Vision Large Language Models Are Good Noise Handlers in Engagement Analysis

TL;DR

This work tackles subjective, noisy engagement labels in video data by using Vision-Language Models to refine annotations via a structured questionnaire and to partition data into Accepted and Rejected subsets. A two-stage curriculum learning framework with soft label refinement then guides training, allowing models to progressively learn from ambiguous samples while incorporating uncertainty. Empirical results across EngageNet, DREAMS, and PAFE show modest but robust improvements, highlighting increased resilience to label noise and annotation subjectivity. The approach offers a practical path to more reliable affective computing in engagement analysis, with potential for broader adoption in datasets with subjective labels.

Abstract

Engagement recognition in video datasets, unlike traditional image classification tasks, is particularly challenged by subjective labels and noise limiting model performance.

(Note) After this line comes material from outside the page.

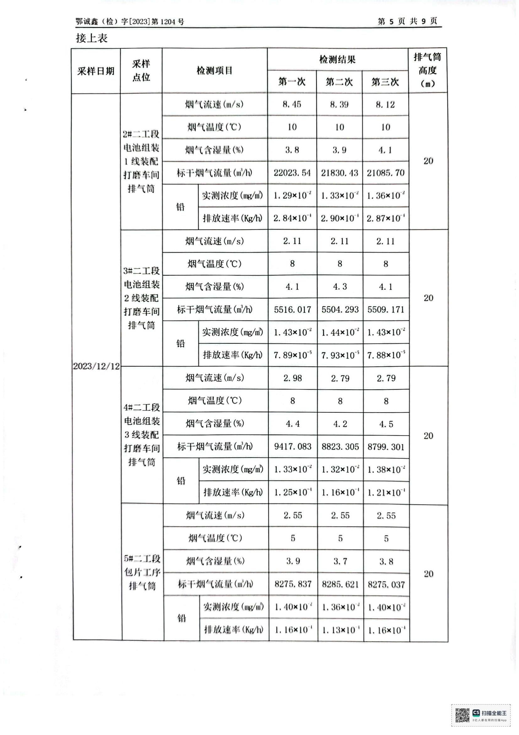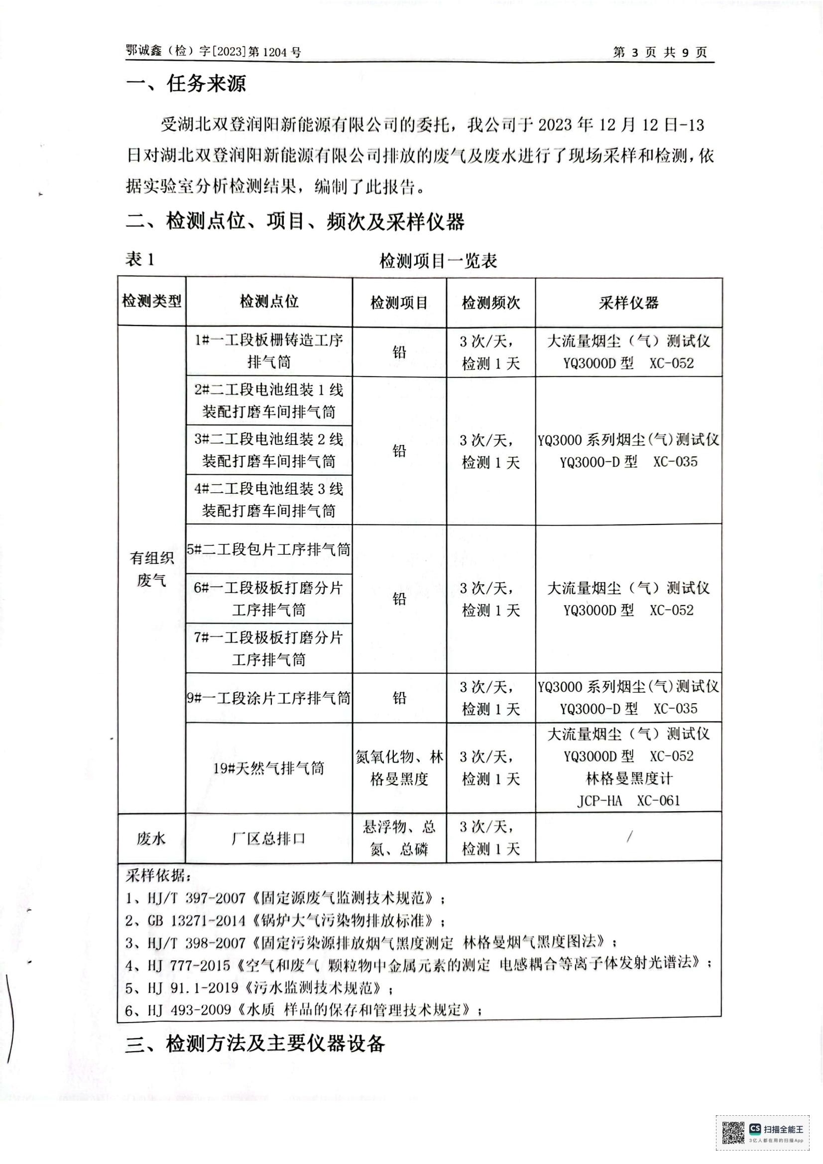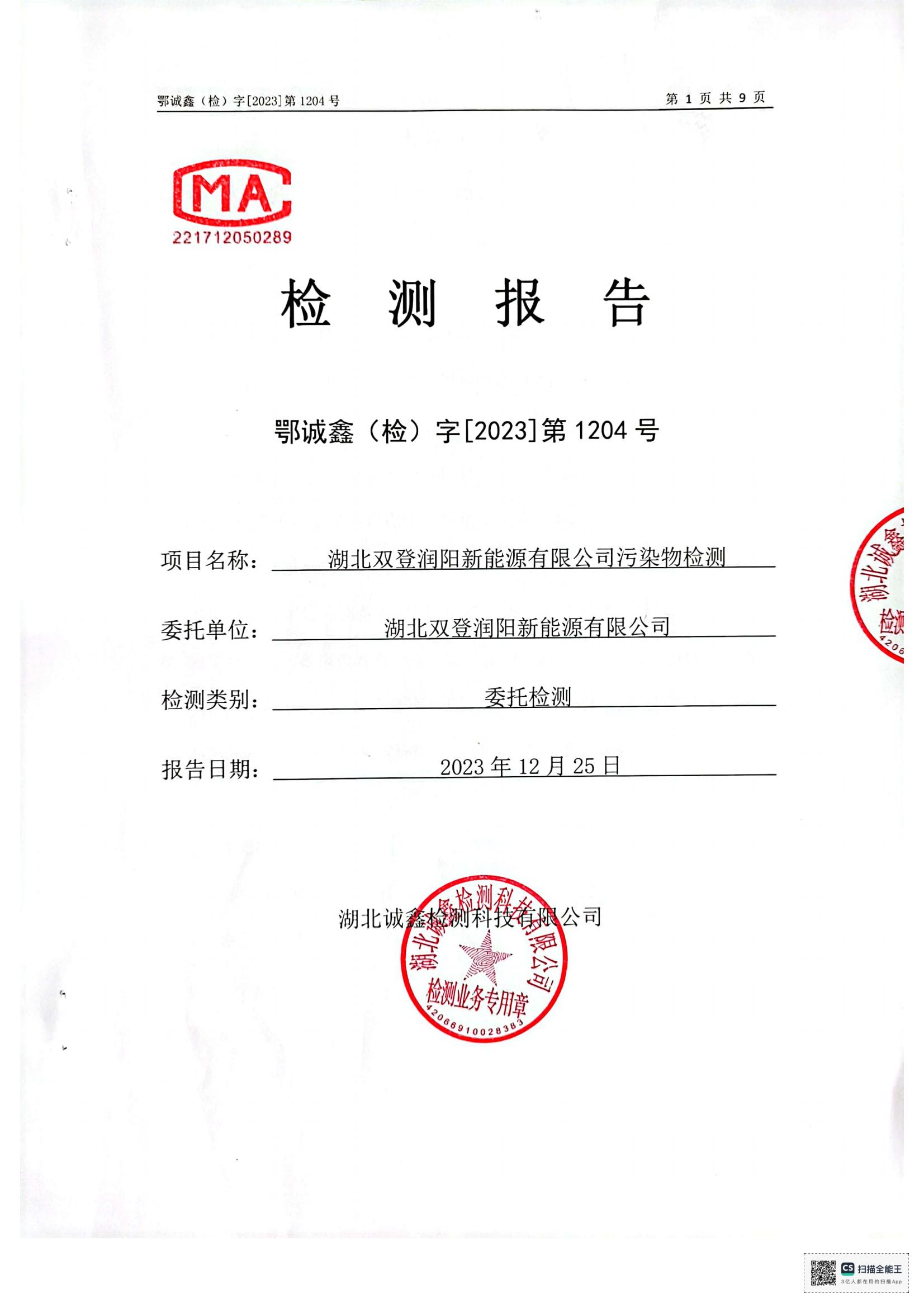 > 2023年12月份 1204 湖北双登润阳新能源有限公司污染物检测

To overcome the challenges of subjective and noisy engagement labels, we propose a framework leveraging Vision Large Language Models (VLMs) to refine annotations and guide the training process. Our framework uses a questionnaire to extract behavioral cues and split data into high- and low-reliability subsets. We also introduce a training strategy combining curriculum learning with soft label refinement, gradually incorporating ambiguous samples while adjusting supervision to reflect uncertainty. We demonstrate that classical computer vision models trained on refined high-reliability subsets and enhanced with our curriculum strategy show improvements, highlighting benefits of addressing label subjectivity with VLMs. This method surpasses prior state of the art across engagement benchmarks such as EngageNet (three of six feature settings, maximum improvement of +1.21%), and DREAMS / PAFE with F1 gains of +0.22 / +0.06.

Paper Structure

This paper contains 33 sections, 6 equations, 5 figures, 8 tables.

Figures (5)

  • Figure 1: Dataset refinement through VLM analysis. Visualization of noisy vs. cleaned labels, illustrating VLM filtering on dataset quality. Markers represent dataset's different classes. In this scheme, “different classes” correspond to the four engagement levels used throughout our experiments ($0$: Not Engaged, $1$: Barely Engaged, $2$: Engaged, $3$: Highly Engaged), and the plot is illustrative only rather than taken from a specific dataset or VLM configuration.
  • Figure 2: Overview of our method for engagement analysis with subjective labels. A structured questionnaire guides a VLM to assess label reliability, generating informed outputs. It then uses two-stage curriculum learning, first training on high-confidence data and then introducing ambiguous samples with soft labels. This mitigates label noise and enhances model performance.
  • Figure 3: Two-stage curriculum learning scheme for engagement estimation: Stage $1$ uses high-confidence samples; Stage $2$ incorporates ambiguous samples.
  • Figure 4: Confusion matrices on the EngageNet validation set using Action Units + Head Pose features. (a) Baseline TCCT-Net; (b) TCCT-Net augmented with VLM-guided curriculum learning and soft-label refinement.
  • Figure 5: Confusion matrices on the EngageNet validation set using Action Units + Eye Gaze features. (a) Baseline TCCT-Net; (b) TCCT-Net augmented with VLM-guided curriculum learning and soft‐label refinement.